First, you must have generated your input file for the runShiny command in scClustViz by following the steps in the usage guide above.
Then, create a new project in RStudio, selecting "New directory" -> "R package" and making sure to check "Create a git repository". If you haven't already set up git/github in RStudio, check out this blogpost for an explanation. If you only want to make a package to share with colleagues, you can skip github and simply send them the bundled package when you're done.
Once you've opened your new package in RStudio, make sure to have both "Use devtools package functions" and "Generate documentation with Roxygen" selected under "Project Options" -> "Build Tools". Also, delete the existing NAMESPACE file, since Roxygen will create a new one when you build the package.
You're now ready to build your package. First, make a folder in the package directory called "inst", and put your input file for runShiny there. All files in "inst" become part of the root directory of the package after installation, so it's best to store your data in a folder within inst.
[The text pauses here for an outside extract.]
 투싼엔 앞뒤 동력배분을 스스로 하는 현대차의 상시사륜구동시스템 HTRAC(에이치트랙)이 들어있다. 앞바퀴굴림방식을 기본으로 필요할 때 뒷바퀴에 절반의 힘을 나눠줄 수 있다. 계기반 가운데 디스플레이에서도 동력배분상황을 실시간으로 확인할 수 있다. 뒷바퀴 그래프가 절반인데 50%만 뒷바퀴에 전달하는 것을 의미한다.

dir.create("inst/packageData/",recursive=T)
save(data_for_scClustViz,DE_for_scClustViz,file="inst/packageData/MyDataTitle.RData")
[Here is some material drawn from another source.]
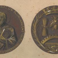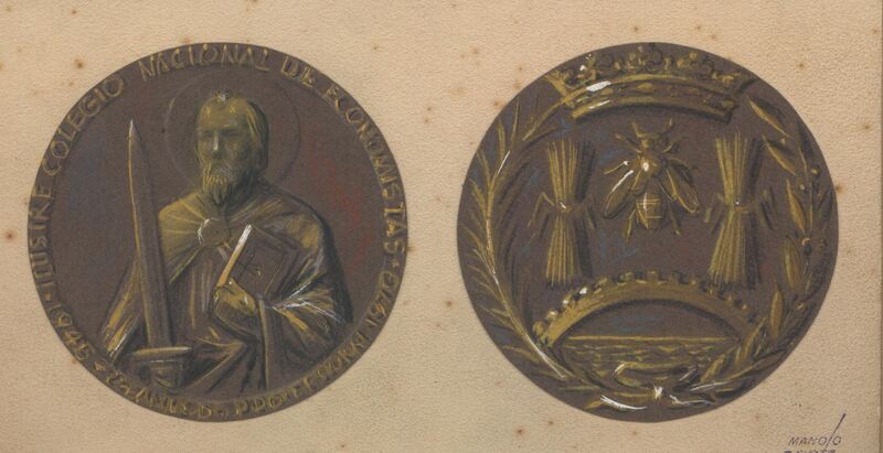 Medalla del Ilustre Colegio Nacional de Economistas en cuyo anverso se aprecia la figura de un santo sujetando una espada y un libro y en su reverso una corona de espigas y trigo con la imagen central de una abeja reina.boceto para el Ilustre colegio nacional de economistas. Otros archivos: MBR/1502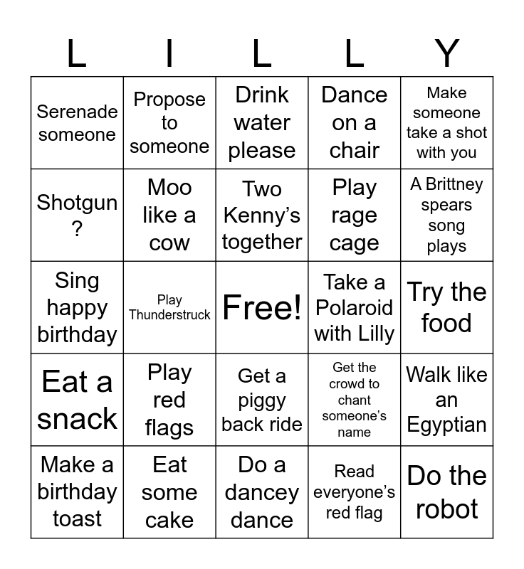 This bingo card has a free space and 25 words: Play red flags, Do a dancey dance, Two Kenny’s together, Make a birthday toast, Make someone take a shot with you, Serenade someone, Shotgun ?, Propose to someone, Take a Polaroid with Lilly, Get a piggy back ride, Play rage cage, Sing happy birthday, Get the crowd to chant someone’s name, Walk like an Egyptian, Moo like a cow, Give Lilly your best pickup line, Try the food, Drink water please, A Brittney spears song plays, Play Thunderstruck, Do the robot, Eat some cake, Eat a snack, Dance on a chair and Read everyone’s red flag.

If you'd like a default resolution to load when the user views your data in scClustViz, now's the time to save that.

runShiny("inst/packageData/MyDataTitle.RData")
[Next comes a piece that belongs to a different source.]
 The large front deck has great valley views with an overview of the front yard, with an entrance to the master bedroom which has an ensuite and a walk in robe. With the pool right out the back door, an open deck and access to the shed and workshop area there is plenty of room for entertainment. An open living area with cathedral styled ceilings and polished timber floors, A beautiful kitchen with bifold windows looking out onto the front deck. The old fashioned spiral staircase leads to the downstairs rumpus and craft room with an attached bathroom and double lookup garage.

Save your selected cluster resolution as default in the app. It will be saved as "inst/packageData/MyDataTitle_savedRes.RData". You will also see a file called "inst/packageData/MyDataTitle_intro.md". This is a markdown file that stores the text displayed at the top of the scClustViz GUI. You can edit it to say what you want (perhaps a link to the paper the data is from, and maybe the abstract?).
Now all you need to do is write the wrapper function to call runShiny. Here is an example R script (overwrite R/HelloWorld.R) to save in the "R" directory of the package.

#' View MyData data in the scClustViz Shiny app
#'
#' A wrapper function to view the \code{MyData} dataset in the
#' \code{scClustViz} Shiny app.
#'
#' @param outPath Default = "./" (the working directory). Specify the directory
#'   used to save/load any analysis files you generate while exploring the
#'   \code{MyData} data.
#'
#' @return The function causes the scClustViz Shiny GUI app to open in a
#'   seperate window.
#'
#' @examples
#'   viewMyData()
#'
#' @seealso \url{https://baderlab.github.io/scClustViz} for information on
#'   \code{scClustViz}.
#'
#' @export

viewMyData <- function(outPath="./") {
  filePath <- system.file("packageData/MyDataTitle.RData",package="MyDataPackage")
  cellMarkers <- list()
  # If you have a list of cell-type marker genes for you data, add them here!
  
  # Change "org.Hs.eg.db" to the appropriate AnnotationDbi object for you data. 
  # This way if your user has the library installed, it will be used, otherwise
  # it will be skipped without causing any errors.
  if (require("org.Hs.eg.db",quietly=T)) {
    annotationDB <- org.Hs.eg.db
    scClustViz::runShiny(filePath=filePath,
                         outPath=outPath,
                         cellMarkers=cellMarkers,
                         annotationDB=annotationDB)

  } else {
    scClustViz::runShiny(filePath=filePath,
                         outPath=outPath,
                         cellMarkers=cellMarkers)
  }
}

Now that you have a wrapper function, all that's left to do is fix up the DESCRIPTION file. The most important entries for functionality in the file are the following:

Suggests: org.Hs.eg.db
Imports: scClustViz
Remotes: BaderLab/scClustViz

Change "org.Hs.eg.db" to the appropriate AnnotationDbi library. This lets the user know that they would benefit from having it installed. More importantly, Imports: scClustViz tells R devtools to install scClustViz when installing your package. Since scClustViz isn't in CRAN, the line Remotes: BaderLab/scClustViz lets devtools know where to find it.
Now that everything's ready, use the "Install and Restart" button in RStudio or hit Ctrl+Shift+B to build and install the package locally. You should now be able to use the wrapper command to open scClustViz with your data. If you're happy with everything, it's time to push to github!
First you must create a new repository on github for your package. Then it's as simple as pushing your first commit (commands here are in the bash shell):

# Set the remote to the github account:
git remote add origin https://github.com/YourGithubAccount/MyDataPackage.git 

# Stage your directory
git add .

# Make your first commit
git commit -m "MyData is now an R package!"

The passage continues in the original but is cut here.